╭─ Supplied information

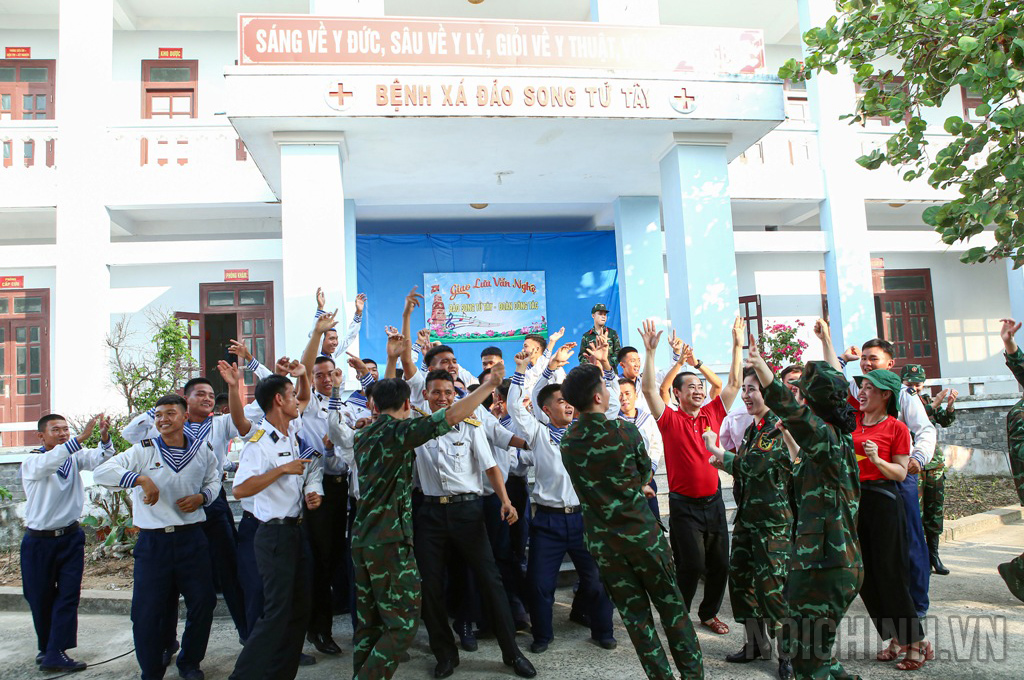 | Đồng chí Chuẩn đô đốc Trần Ngọc Quyết, Phó Tham mưu trưởng Quân chủng Hải quân Việt Nam, Trưởng đoàn Công tác số 3 và đồng chí Nguyễn Thái Học, Phó Trưởng Ban Nội chính Trung ương, Trưởng đoàn Đại biểu ngành Nội chính Đảng đặt chân lên đảo Song Tử Tây, huyện Trường Sa |
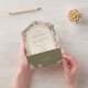 Diese bohische tropische botanische | grünes Siegel und senden Sie alles in einer Einladung ist perfekt für Ihre elegante rustikale Blumen, Grün, Pfirsich, Rose Gold Hochzeit. Das Design besticht durch einen goldenen Rahmen oder ein Bouquet mit modernen, rosafarbenen Pampasgras, einfachem Salbei, Elfenbein, Champagner-Palmenblättern und klassischem Strandgrün. Die Blume können rosa Rose und Orchideen enthalten. Das Design ist ideal für eine Vintage Terrakotta, Beige, Rost, Winter, Frühling, Hochzeit im Herbst. In der Erholung der Kollektion finden Sie weitere passende oder koordinierende Hochzeitsbücher.
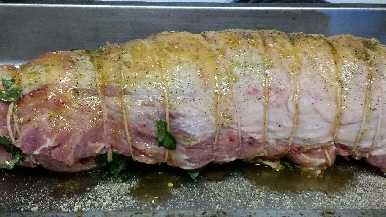 Roll the pork into a roulade and secure with butcher rope. Rub with olive oil, salt, pepper, garlic and cook in a preheated oven (Cook slow, no more than 300F) use a thermometer to check for 180F to make sure is fully cooked. All stuffed meats are cooked to 180F

╰─

■ **What is expected**: Return each line of the material exactly as written; exclude the pictures.

■ **Your solution**:
 | Đồng chí Chuẩn đô đốc Trần Ngọc Quyết, Phó Tham mưu trưởng Quân chủng Hải quân Việt Nam, Trưởng đoàn Công tác số 3 và đồng chí Nguyễn Thái Học, Phó Trưởng Ban Nội chính Trung ương, Trưởng đoàn Đại biểu ngành Nội chính Đảng đặt chân lên đảo Song Tử Tây, huyện Trường Sa |
 Diese bohische tropische botanische | grünes Siegel und senden Sie alles in einer Einladung ist perfekt für Ihre elegante rustikale Blumen, Grün, Pfirsich, Rose Gold Hochzeit. Das Design besticht durch einen goldenen Rahmen oder ein Bouquet mit modernen, rosafarbenen Pampasgras, einfachem Salbei, Elfenbein, Champagner-Palmenblättern und klassischem Strandgrün. Die Blume können rosa Rose und Orchideen enthalten. Das Design ist ideal für eine Vintage Terrakotta, Beige, Rost, Winter, Frühling, Hochzeit im Herbst. In der Erholung der Kollektion finden Sie weitere passende oder koordinierende Hochzeitsbücher.
 Roll the pork into a roulade and secure with butcher rope. Rub with olive oil, salt, pepper, garlic and cook in a preheated oven (Cook slow, no more than 300F) use a thermometer to check for 180F to make sure is fully cooked. All stuffed meats are cooked to 180F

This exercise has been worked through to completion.